Data for this exercise:
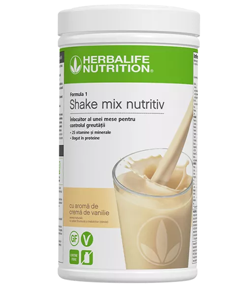 Formula 1 Herbalife Shake Mix Nutritiv cu aromă de Cremă de Vanilie — înlocuitor de masă potrivit pentru vegani, fără gluten, cu 18g proteine din izolat de soia, 25 vitamine și minerale, 5g fibre per porție. Doar ~227 kcal cu lapte semi-degresat. 550g, ~21 porții. Cod produs: 4466.
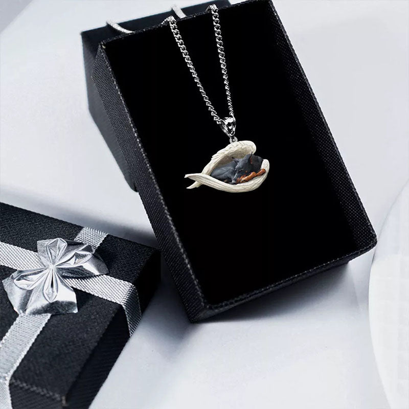 Doberman Sleeping Angel Stainless Steel Necklace SN029
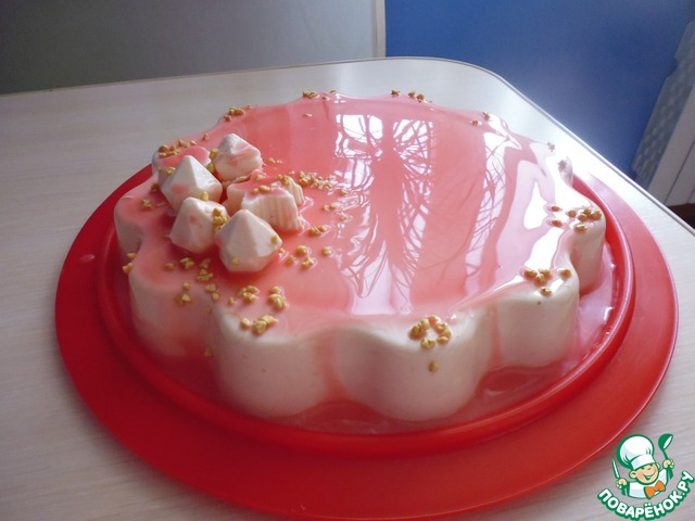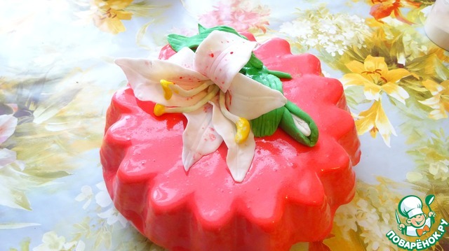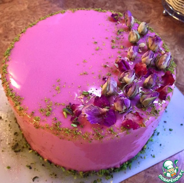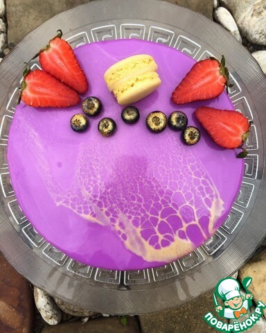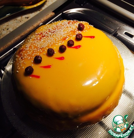 К сожалению, далее процесс я не фотографировала, потому что боялась, что ничего не получится. Итак, достаем торт, удаляем форму, благо, что она снимается прекрасно. Переворачиваем его, чтобы бисквит был снизу у нас. Ставим его на решетку или лучше на блюдце, а блюдце на перевернутую пиалу. Так легче снимать такой торт. И теперь поливаем глазурью. Тут тоже надо наловчиться. Сначала льем по бокам, затем быстрым движением переходим к центру и льем по центру. Но это мое личное наблюдение. Снимаем наш торт при помощи спатулы или просто рукой берем за низ и лопаткой я убрала капли. И сразу кладем на блюдо и подставку. Верх украшаем по своему.
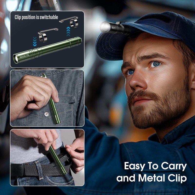 - Portable & Lightweight Pen Flashlight: The mini torch is very compact, only 13.4 cm long and weighs only 29 g. So that small flashlight can be easily put in your pocket or backpack. It is equipped with a removable clip, and can also be attached to a belt, hat or notebook to have your hands free and comfortable to carry
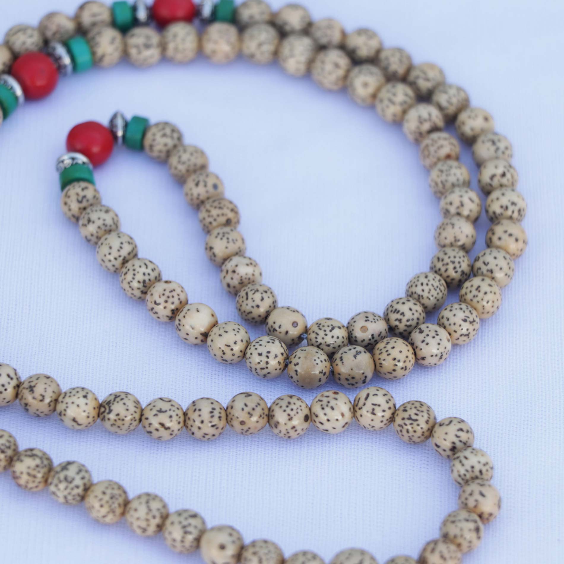 Shop Lotus Seed Mala from Lotus Mala. Handmade 108 bead prayer mala with coral spacer, ideal for meditation, relaxation, and inner peace.
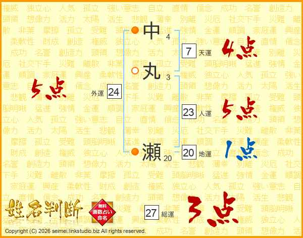中丸瀬さんの総運は27画の3点!
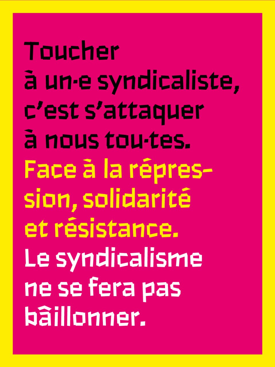 Toucher à un·e syndicaliste, c’est s’attaquer à nous tou·tes.
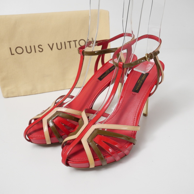> GT3435▼イタリア製 LOUIS VUITTON ルイヴィトン パテントレザー アンクルストラップ サンダル サイズ36 靴 レッド×ベージュ×ブラウン系
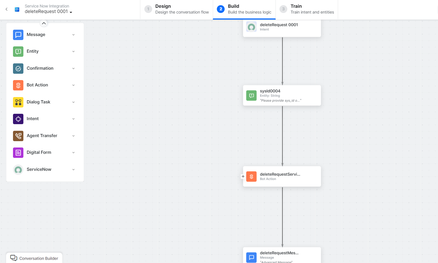 The Delete an Incident dialog task is added for ServiceNow with the following components:
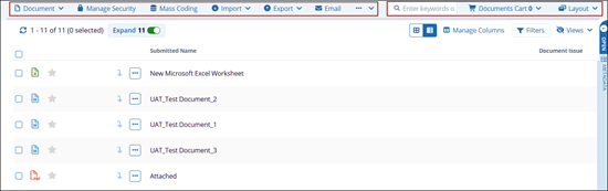 This menu is located at the top of the Documents module and allows access to various functionalities on documents:
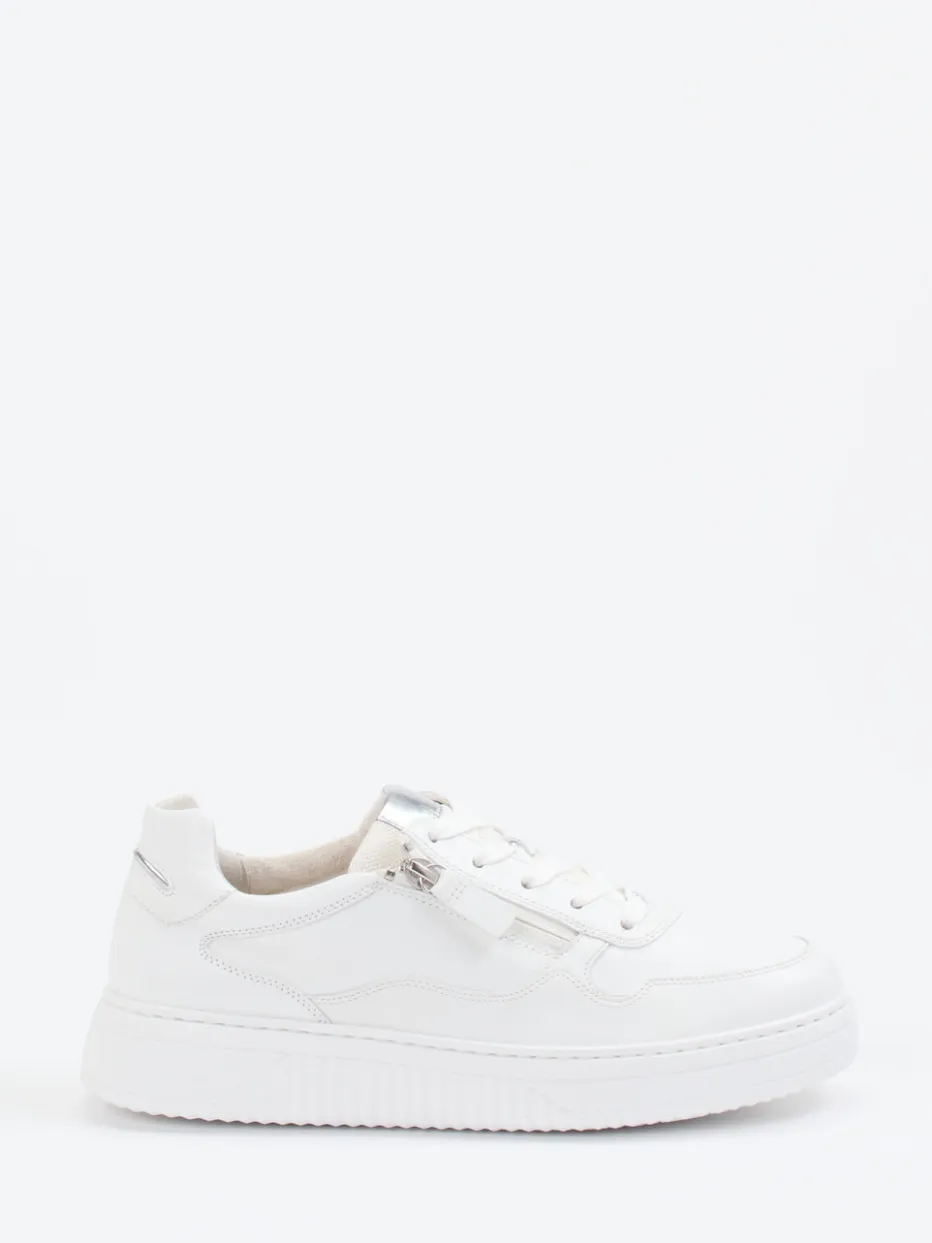 Dieser Sneaker von Gabor Comfort für Damen verbindet sportliche Akzente mit hochwertigem Kalbleder in klassischem Weiß.
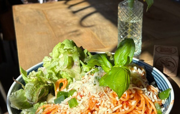 Bandnudeln mit Paprika-Tomatensoße, Parmesan und Blattsalat
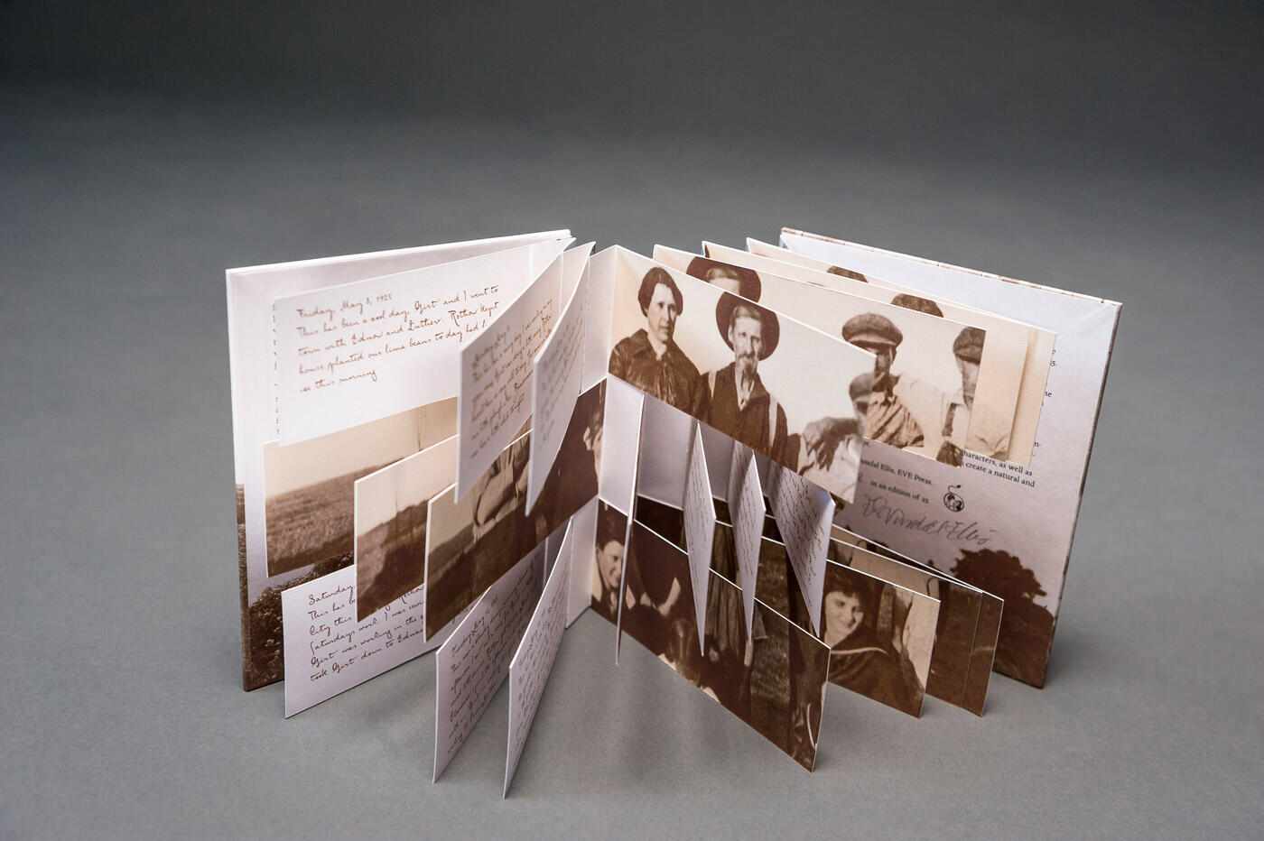 The piece is an example of a “flag book,” which features individual “flags” that are glued into an accordion structure. “You can read it page by page as a book, or open it as a spread, to see one image made up of multiple pages,” Hibben said.

Your goal: Working from the entries above, reproduce exactly and only the lines beginning with the line that has "Toucher à un·e" and ending with the line that has "The Delete an"; omit all pictures.

Answer space:
 Toucher à un·e syndicaliste, c’est s’attaquer à nous tou·tes.
> GT3435▼イタリア製 LOUIS VUITTON ルイヴィトン パテントレザー アンクルストラップ サンダル サイズ36 靴 レッド×ベージュ×ブラウン系
 The Delete an Incident dialog task is added for ServiceNow with the following components:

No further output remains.